Line 12: visited is a list that is used to keep track of visited nodes.

Line 13: queue is a list that is used to keep track of nodes currently in the queue.

Line 29: The arguments of the bfs function are the visited list, the graph in the form of a dictionary, and the starting node A.

Lines 15-26: bfs follows the algorithm described above:

  1. It checks and appends the starting node to the visited list and the queue.
  2. Then, while the queue contains elements, it keeps taking out nodes from the queue, appends the neighbors of that node to the queue if they are unvisited, and marks them as visited.
  3. This continues until the queue is empty.

Time Complexity

Since all of ​the nodes and vertices are visited, the time complexity for BFS on a graph is O(V + E); where V is the number of vertices and E is the number of edges.


Question 39: Implement depth first search (DFS) in Python

Consider this graph, implemented in the code below:

widget
# Using a Python dictionary to act as an adjacency list
graph = {
    'A' : ['B','C'],
    'B' : ['D', 'E'],
    'C' : ['F'],
    'D' : [],
    'E' : ['F'],
    'F' : []
}

visited = set() # Set to keep track of visited nodes.

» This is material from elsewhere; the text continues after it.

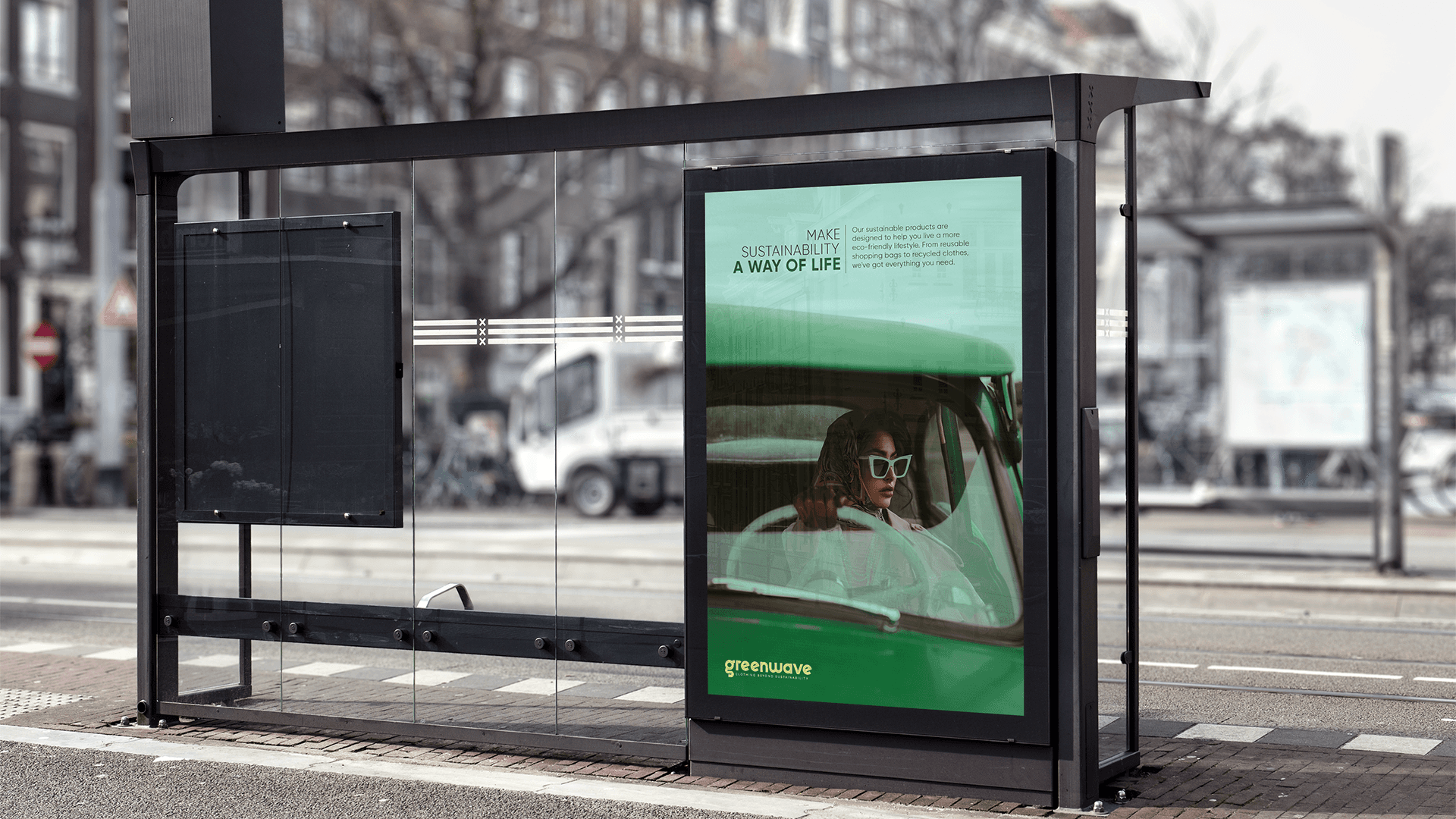 The typography selected for Greenwave is a modern sans-serif typeface. This font was chosen for its clean and rounded feel, reflecting the brand’s straightforward approach towards sustainability.

def dfs(visited, graph, node):
    if node not in visited:
        print (node)
        visited.add(node)
        for neighbour in graph[node]:
            dfs(visited, graph, neighbour)

# Driver Code
dfs(visited, graph, 'A')

Explanation

Lines 2-9: The illustrated graph is represented using an adjacency list - an easy way to do it in Python is to use a dictionary data structure. Each vertex has a list of its adjacent nodes stored.

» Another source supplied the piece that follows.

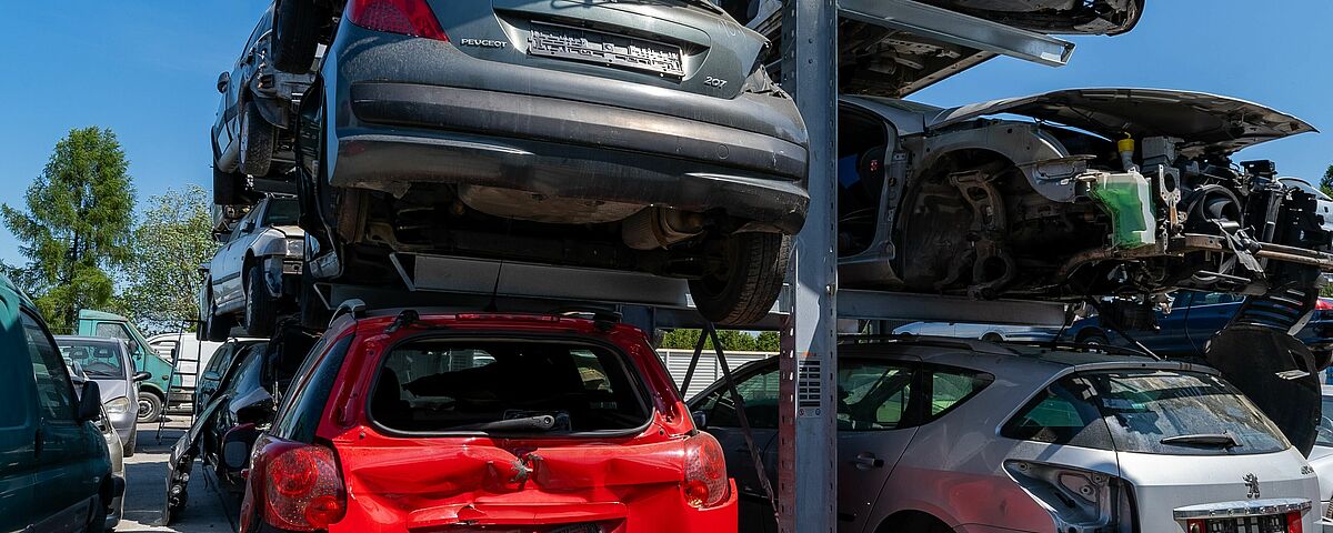 Trije izrabljeni avtomobili, naloženi eden nad drugega – vendar varno!

Line 11: visited is a set that is used to keep track of visited nodes.

Line 21: The dfs function is called and is passed the visited set, the graph in the form of a dictionary, and A, which is the starting node.

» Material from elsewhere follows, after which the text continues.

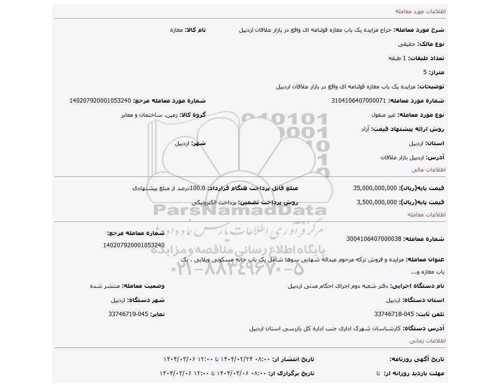 شرح مورد معامله: حراج مزایده یک باب مغازه قولنامه ای واقع در بازار علافان اردبیل | نام کالا: مغازه | |

Lines 13-18: dfs follows the algorithm described above:

  1. It first checks if the current node is unvisited - if yes, it is appended in the visited set.
  2. Then for each neighbor of the current node, the dfs function is invoked again.
  3. The base case is invoked when all the nodes are visited. The function then returns.

Time Complexity

Since all the nodes and vertices are visited, the average time complexity for DFS on a graph is O(V + E), where V is the number of vertices and E is the number of edges. In case of DFS on a tree, the time complexity is O(V), where V is the number of nodes.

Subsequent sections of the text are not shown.